It Might Not Be Climate Change, but We Have to Prepare for Whatever It Is

By Jeff Thomas

What if a rain machine storm that just devasted parts of Houston and eastern Texas had stalled over New Orleans?  Our current pumping system struggles now to prevent flooding with regular thunderstorms.  Recently Mayor LaToya Cantrell said, “We are seeing more rain and seeing it more frequently,” when she spoke to senior citizens at a voters’ caucus hosted by the New Orleans Council on Aging.  She is trying to convince voters to rededicate a millage to help provide more infrastructure maintenance. 

Future columns will analyze the merits of that ask.  But the focus today is the current capacity of our system and its ability to handle what the mayor predicts – more rain that will come more frequently.  Cause, neither crime nor education nor healthcare or any other measure of the habitability of a place matter if it floods constantly. 

New Orleans and Louisiana should be the world’s knowledge epicenter on rainwater pumping.  Some young Elijah “The Real McCoy” McCoy or Ellen Eglin should design some new flood protection devices that prevent up to 4 feet of flood water from entering people’s homes, while civil engineers develop the system to pump higher capacities from our streets in shorter time spans while the state legislators and the governor create barriers to pumped water reentering our neighborhoods while the city cleans all underground sewer pipes and canals.

In this photo provided by the Chambers County Sheriff’s Office, floodwaters surround a home, Thursday, Sept 19, 2019, in Winnie, Texas.
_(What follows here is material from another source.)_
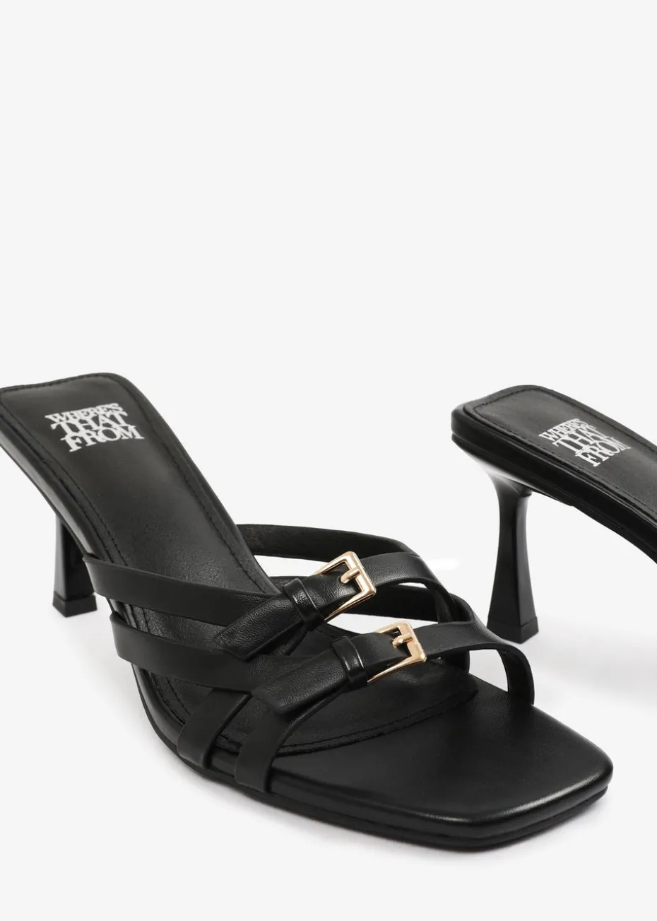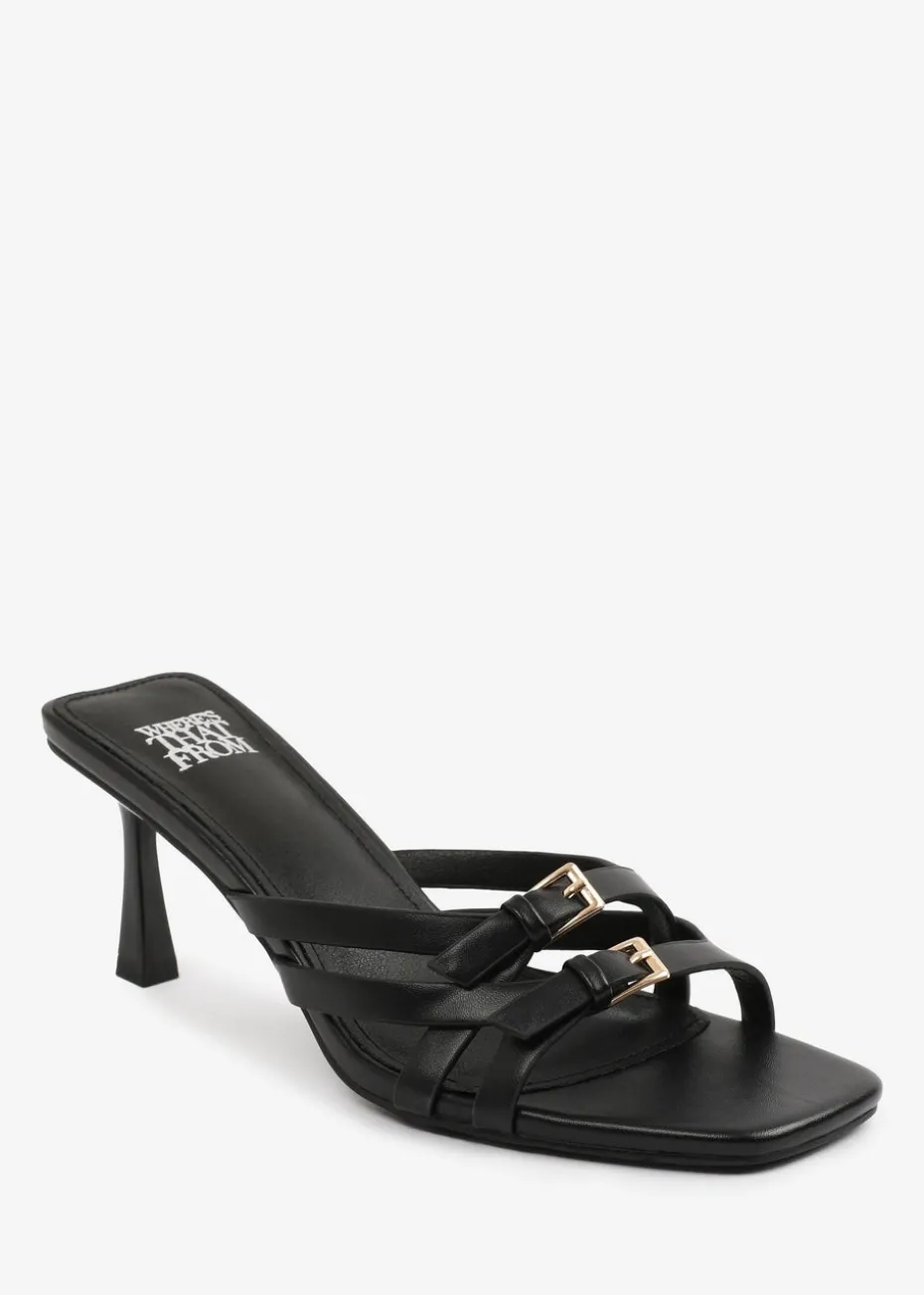 Where's That From Black PU Ariela Wide-Fit Cross-Over-Buckle Details Strap Heel

The area has experienced heavy flooding due to Tropical Depression Imelda. (Brian Hawthorne/Chambers County Sheriff’s Office via AP)

Because if 10 – 20 inches of rain, which is what actually fell in parts of Texas last week, is going to start falling five or six times a year across the country, then it’s only a matter of time before one or two of those events occur in New Orleans.  And our 2 inches the first hour and ½ an inch every subsequent hour pumping capacity is woefully incapable of handling the “new normal” that former Sewerage and Water Board head Cedric Grant warned us about.

Ok, Grant was really trying to prepare us to live with water in our houses. In that case the sacred few who had their homes elevated after Hurricane Katrina might be best prepared to continue to reside in our city.  Many new homes are being built on three to four foot elevations, but the constant sinking seen across the metro might bring these homeowners back to earth.  And we can not elevate every house in New Orleans.

The seriously critical effects of this new reality means our current Sewerage and Water Board must not merely be good financial stewards.  Instead they must be aggressive creative forward-thinking people who not only maintain our pumps and canals, but utilize cutting edge technology to insure that New Orleans does not go the way of Atlantis.

Otherwise, we should all pack up and move.